== What you should do ==
Starting at the line that contains "学習活動② 班内で、それぞれ", transcribe each line through the end of the material below, exactly and nothing else, leaving out the pictures.

== Source data ==
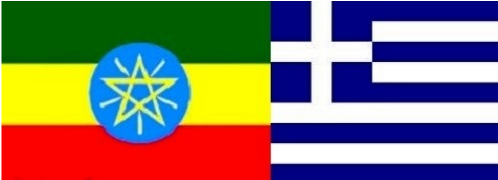
Οι σημαίες της Αιθιοπίας και της Ελλάδος

Όπου μέσα από το χιούμορ και τη χάρη του Κεντίρ αναβλίζει σαν γάργαρα νερό η λύση για τα προβλήματα του ηρώα μας.
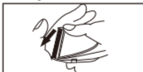
• Druk het beweegbare mes omlaag met de duim om het mes te demonteren
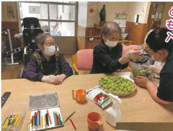
どうだべ～。もうちょっと入れてみる？
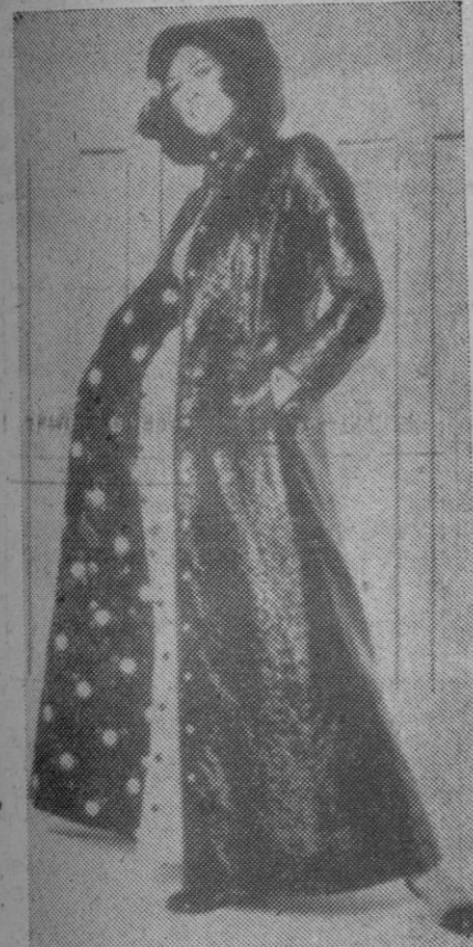
Largo abrigo de algodón plastificado negro, provisto de capucha, bolsillos de parche y cinturón con grandes trabillas. Forro de organdi negro, con bordado de flores naranja y negro. Se lleva sobre un traje largo color naranja, abrochado a un lado.
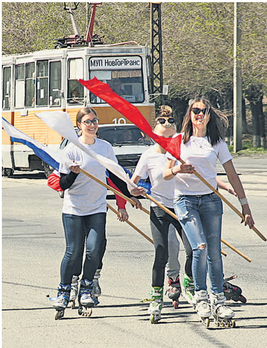
Позади старт... Да здравствует спорт!

Почти 1300 горожан дружно вышли на старт, тем самым присоединившись к любителям здорового образа жизни из Старого Оскола и Железногорска.
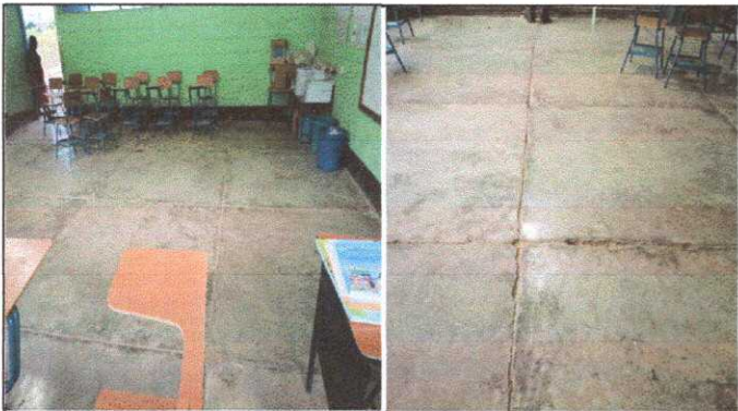
Módulo 1: Sustitución de pisos de cemento liquido
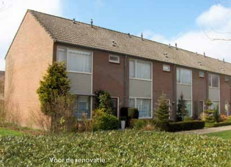
Voor de renovatie
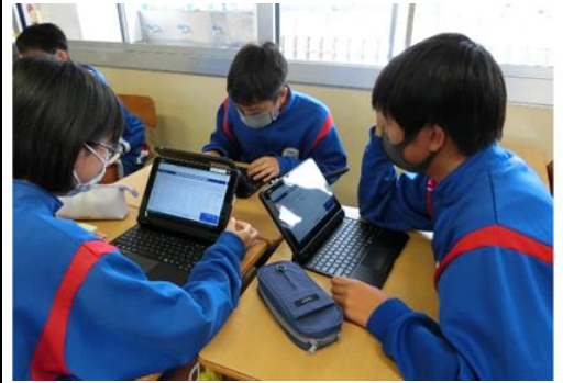
学習活動② 班内で、それぞれの根拠が適切かを吟味し合い、Excelのコメント機能を用いて入力し、意見を交わす。
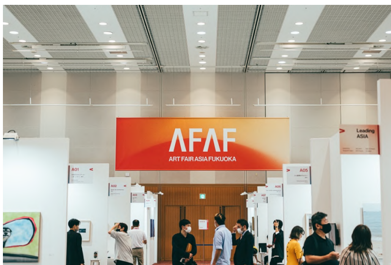
「アートフェアアジア福岡 2022」会場の様子

ギャラリーによるブースのほか、昨年に引き続き本年もアジアをコンセプトとしたキュレーションブースや、異業種・他地域とのコラボレーションブースを設け、産官学の垣根を超え一体となり、アジアのアートマーケットの発展に貢献してまいります。
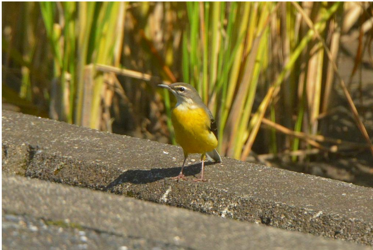
▲キセキレイ（田主丸町）

コガモの渡来や渡り鳥のコムクドリなど秋めいて来ましたね。私の家の前にもキセキレイが来ました。ダイハツ調整池にもコガモが来て、アオアシシギやクサシギなど冬のメンバーがそろっています。鷹取山では電線にヒタキが止まっていました。

== Result below ==
学習活動② 班内で、それぞれの根拠が適切かを吟味し合い、Excelのコメント機能を用いて入力し、意見を交わす。
「アートフェアアジア福岡 2022」会場の様子

ギャラリーによるブースのほか、昨年に引き続き本年もアジアをコンセプトとしたキュレーションブースや、異業種・他地域とのコラボレーションブースを設け、産官学の垣根を超え一体となり、アジアのアートマーケットの発展に貢献してまいります。
▲キセキレイ（田主丸町）

コガモの渡来や渡り鳥のコムクドリなど秋めいて来ましたね。私の家の前にもキセキレイが来ました。ダイハツ調整池にもコガモが来て、アオアシシギやクサシギなど冬のメンバーがそろっています。鷹取山では電線にヒタキが止まっていました。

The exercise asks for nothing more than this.